Chargeback: Business units pay for CoE services. Pros: CoE must prove value. Cons: can discourage adoption.
Hybrid: Core capabilities centrally funded, project work charged back. This is my preferred model.
Making the Case for Budget
When requesting budget, frame it in terms of:
- Avoided cost: “Without a CoE, each team will build their own ML platform at $X”
- Accelerated value: “CoE can cut time-to-production by 50%, getting value sooner”
- Risk reduction: “Proper governance reduces regulatory risk exposure by $X”

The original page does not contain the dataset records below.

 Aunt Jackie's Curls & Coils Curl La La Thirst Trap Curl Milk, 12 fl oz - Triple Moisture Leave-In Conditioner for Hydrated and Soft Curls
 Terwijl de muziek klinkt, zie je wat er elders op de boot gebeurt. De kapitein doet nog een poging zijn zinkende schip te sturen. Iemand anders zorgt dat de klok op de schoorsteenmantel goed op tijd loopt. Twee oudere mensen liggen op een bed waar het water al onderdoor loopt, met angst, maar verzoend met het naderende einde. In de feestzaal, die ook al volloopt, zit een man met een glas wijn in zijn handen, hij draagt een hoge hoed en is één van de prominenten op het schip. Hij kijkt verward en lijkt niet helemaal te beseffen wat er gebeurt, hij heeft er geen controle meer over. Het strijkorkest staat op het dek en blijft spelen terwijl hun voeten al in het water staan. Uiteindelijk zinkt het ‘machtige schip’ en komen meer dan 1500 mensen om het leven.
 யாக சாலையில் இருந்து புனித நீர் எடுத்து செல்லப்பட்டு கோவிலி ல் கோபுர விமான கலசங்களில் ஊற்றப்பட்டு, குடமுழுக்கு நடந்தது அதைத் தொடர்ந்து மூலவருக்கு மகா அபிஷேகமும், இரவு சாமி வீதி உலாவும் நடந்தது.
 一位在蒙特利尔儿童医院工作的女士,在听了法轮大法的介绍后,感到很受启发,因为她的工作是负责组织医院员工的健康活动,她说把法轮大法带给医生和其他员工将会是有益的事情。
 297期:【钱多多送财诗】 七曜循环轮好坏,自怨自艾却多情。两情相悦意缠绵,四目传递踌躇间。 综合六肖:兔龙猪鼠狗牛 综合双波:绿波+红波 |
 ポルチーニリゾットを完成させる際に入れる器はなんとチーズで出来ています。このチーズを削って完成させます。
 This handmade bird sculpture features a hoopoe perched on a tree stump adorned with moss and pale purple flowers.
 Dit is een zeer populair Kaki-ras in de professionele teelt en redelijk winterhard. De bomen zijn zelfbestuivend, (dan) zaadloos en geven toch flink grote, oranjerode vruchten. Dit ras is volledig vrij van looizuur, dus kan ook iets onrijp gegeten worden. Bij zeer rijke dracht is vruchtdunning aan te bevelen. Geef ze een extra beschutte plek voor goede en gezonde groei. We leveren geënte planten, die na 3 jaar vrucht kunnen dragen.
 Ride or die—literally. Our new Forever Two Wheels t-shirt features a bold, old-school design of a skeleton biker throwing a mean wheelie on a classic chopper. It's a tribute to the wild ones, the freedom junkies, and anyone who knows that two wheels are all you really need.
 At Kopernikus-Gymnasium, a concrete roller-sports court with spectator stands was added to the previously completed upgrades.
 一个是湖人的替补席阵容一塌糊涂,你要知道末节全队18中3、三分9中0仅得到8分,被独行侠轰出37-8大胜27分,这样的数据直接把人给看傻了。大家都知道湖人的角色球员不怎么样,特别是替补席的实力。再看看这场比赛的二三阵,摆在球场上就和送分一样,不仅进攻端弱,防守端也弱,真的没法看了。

- Talent efficiency: “Shared expertise means we need 30% fewer AI specialists”
Conclusion
Building an effective AI Center of Excellence is challenging but achievable. The organizations that get it right gain a significant competitive advantage—they can move faster, with better quality, and at lower risk than those with fragmented AI efforts.
Key takeaways:
- Start with clear purpose: Know whether you’re optimizing for enablement, governance, or both
- Right-size for your stage: Don’t over-build early, but don’t under-invest as you scale
- Choose the right operating model: Hybrid works for most, but tailor to your culture
- Focus on value, not control: The best CoEs make teams successful, not dependent
- Measure what matters: Track adoption, efficiency, quality, and business impact
- Evolve over time: Your CoE’s role should change as AI matures in your org
- Secure executive sponsorship: Without it, you’ll struggle to drive change
If you’re building an AI CoE, I’d love to hear about your experience. What’s working? What challenges are you facing? The field is evolving rapidly, and we all benefit from sharing what we learn.